### What you should do
Give back every line of the data exactly. Pictures are not part of the copy.

### Records for the exercise
____

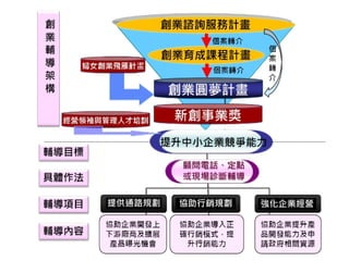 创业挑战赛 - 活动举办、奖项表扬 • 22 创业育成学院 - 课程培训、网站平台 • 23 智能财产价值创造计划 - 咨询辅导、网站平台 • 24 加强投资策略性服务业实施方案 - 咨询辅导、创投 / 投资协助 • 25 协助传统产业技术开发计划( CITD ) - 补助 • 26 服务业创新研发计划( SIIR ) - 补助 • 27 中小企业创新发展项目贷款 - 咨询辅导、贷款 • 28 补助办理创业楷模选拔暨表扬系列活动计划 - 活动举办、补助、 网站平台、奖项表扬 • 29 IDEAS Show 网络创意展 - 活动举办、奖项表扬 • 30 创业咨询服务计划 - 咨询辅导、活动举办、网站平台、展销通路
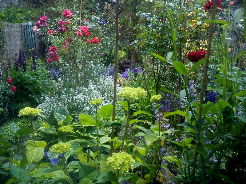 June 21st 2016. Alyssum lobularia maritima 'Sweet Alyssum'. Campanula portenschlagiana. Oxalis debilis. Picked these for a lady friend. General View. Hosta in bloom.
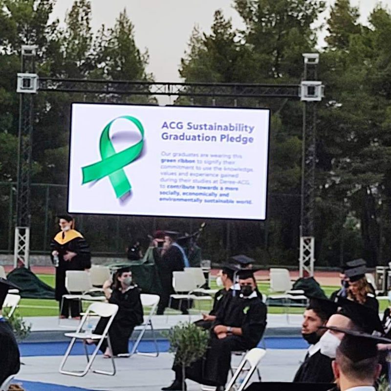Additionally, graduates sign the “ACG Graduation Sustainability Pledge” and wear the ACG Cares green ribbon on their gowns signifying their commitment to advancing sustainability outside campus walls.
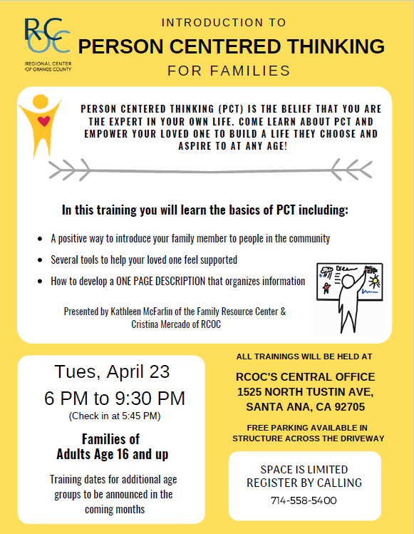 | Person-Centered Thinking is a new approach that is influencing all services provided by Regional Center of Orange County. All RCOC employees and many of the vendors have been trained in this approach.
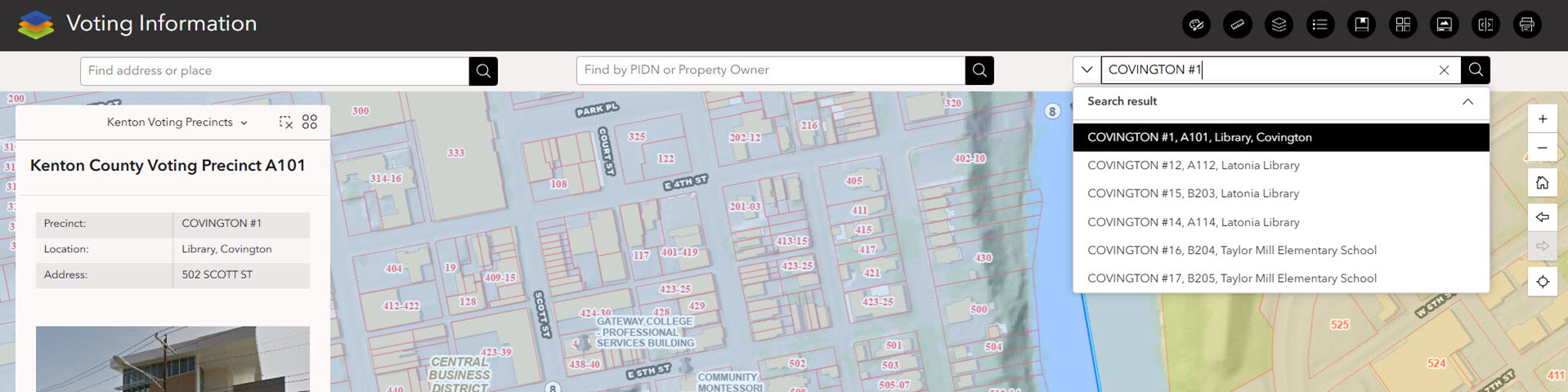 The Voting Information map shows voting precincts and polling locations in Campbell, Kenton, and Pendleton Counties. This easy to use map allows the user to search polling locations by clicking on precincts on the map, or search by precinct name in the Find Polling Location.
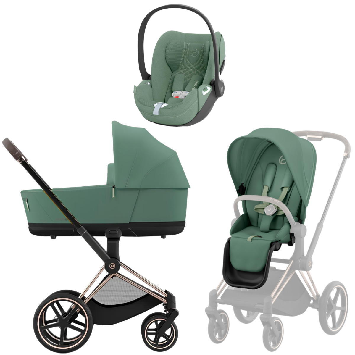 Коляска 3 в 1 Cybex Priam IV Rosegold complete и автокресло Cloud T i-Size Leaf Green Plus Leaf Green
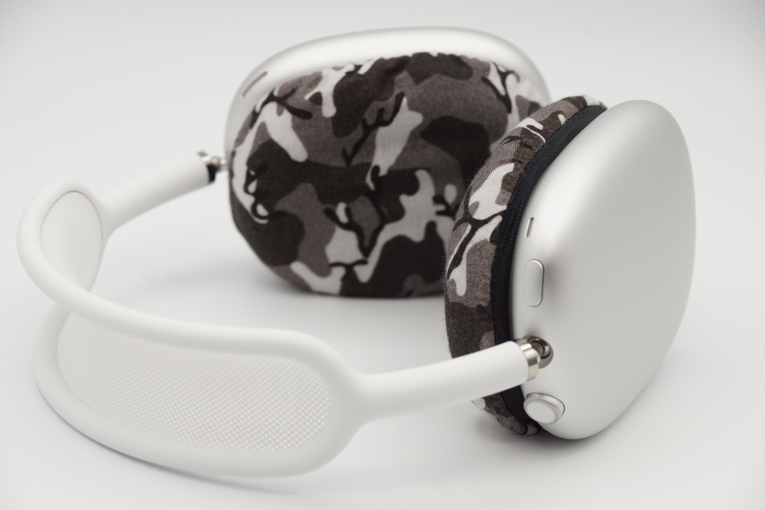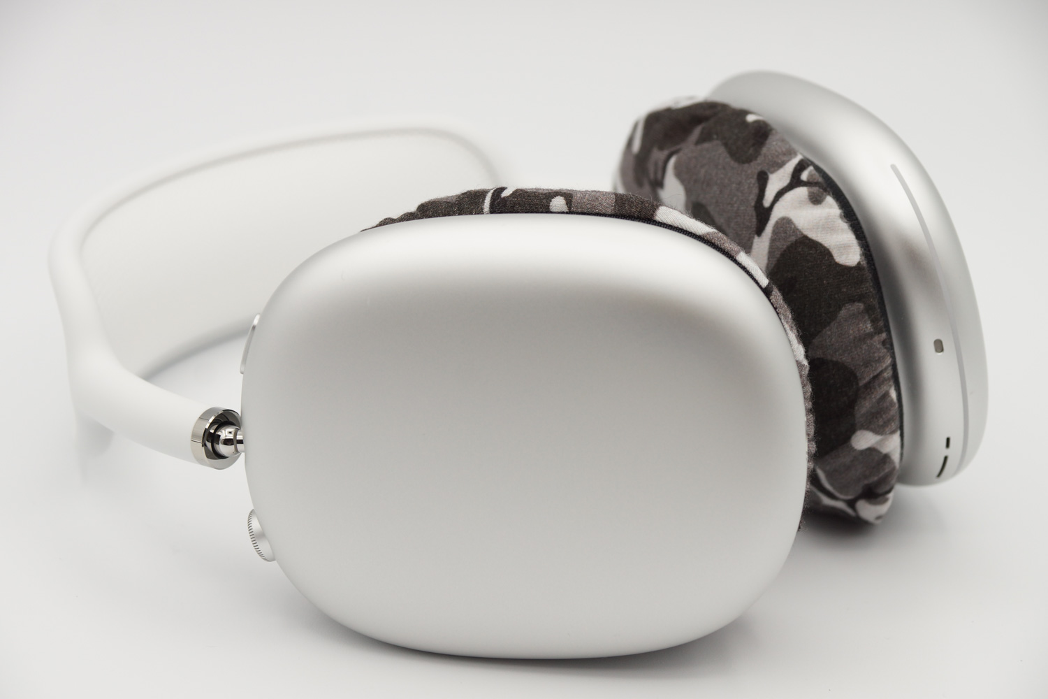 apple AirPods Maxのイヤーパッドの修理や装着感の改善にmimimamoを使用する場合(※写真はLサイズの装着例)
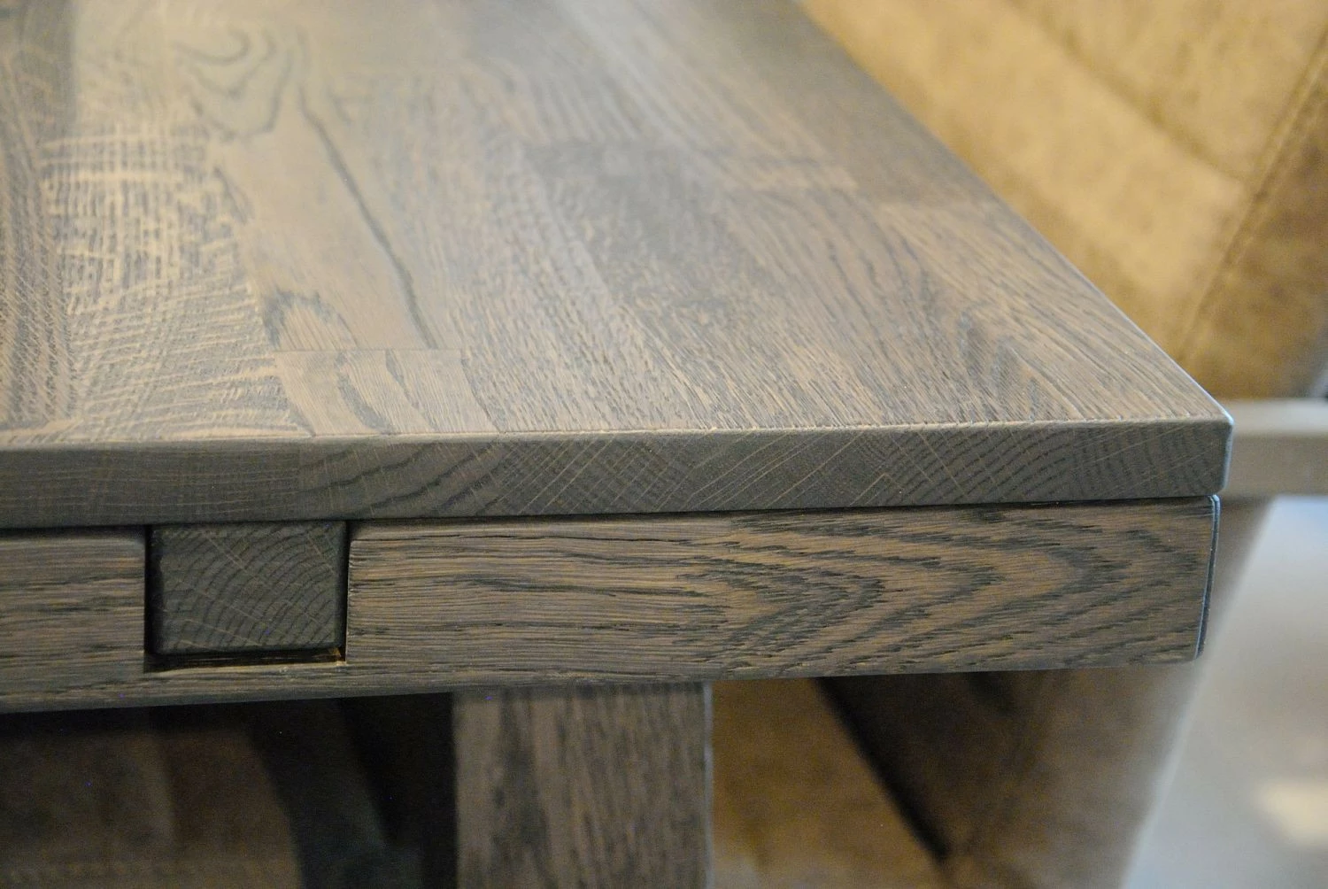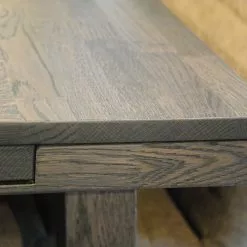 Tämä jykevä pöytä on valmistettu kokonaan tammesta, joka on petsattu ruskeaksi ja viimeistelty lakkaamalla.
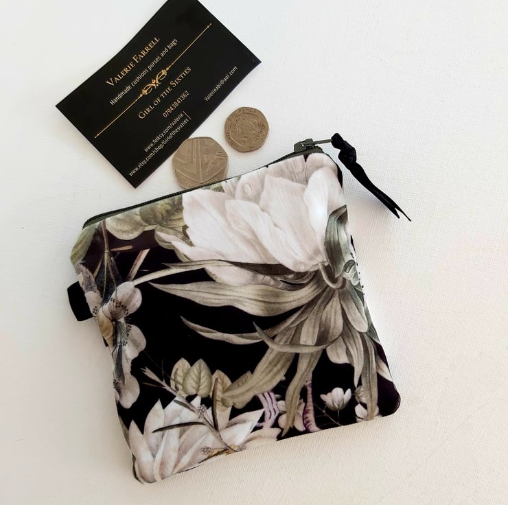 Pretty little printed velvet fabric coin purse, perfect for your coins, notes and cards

____

### Expected answer
 创业挑战赛 - 活动举办、奖项表扬 • 22 创业育成学院 - 课程培训、网站平台 • 23 智能财产价值创造计划 - 咨询辅导、网站平台 • 24 加强投资策略性服务业实施方案 - 咨询辅导、创投 / 投资协助 • 25 协助传统产业技术开发计划( CITD ) - 补助 • 26 服务业创新研发计划( SIIR ) - 补助 • 27 中小企业创新发展项目贷款 - 咨询辅导、贷款 • 28 补助办理创业楷模选拔暨表扬系列活动计划 - 活动举办、补助、 网站平台、奖项表扬 • 29 IDEAS Show 网络创意展 - 活动举办、奖项表扬 • 30 创业咨询服务计划 - 咨询辅导、活动举办、网站平台、展销通路
 June 21st 2016. Alyssum lobularia maritima 'Sweet Alyssum'. Campanula portenschlagiana. Oxalis debilis. Picked these for a lady friend. General View. Hosta in bloom.
Additionally, graduates sign the “ACG Graduation Sustainability Pledge” and wear the ACG Cares green ribbon on their gowns signifying their commitment to advancing sustainability outside campus walls.
 | Person-Centered Thinking is a new approach that is influencing all services provided by Regional Center of Orange County. All RCOC employees and many of the vendors have been trained in this approach.
 The Voting Information map shows voting precincts and polling locations in Campbell, Kenton, and Pendleton Counties. This easy to use map allows the user to search polling locations by clicking on precincts on the map, or search by precinct name in the Find Polling Location.
 Коляска 3 в 1 Cybex Priam IV Rosegold complete и автокресло Cloud T i-Size Leaf Green Plus Leaf Green
 apple AirPods Maxのイヤーパッドの修理や装着感の改善にmimimamoを使用する場合(※写真はLサイズの装着例)
 Tämä jykevä pöytä on valmistettu kokonaan tammesta, joka on petsattu ruskeaksi ja viimeistelty lakkaamalla.
 Pretty little printed velvet fabric coin purse, perfect for your coins, notes and cards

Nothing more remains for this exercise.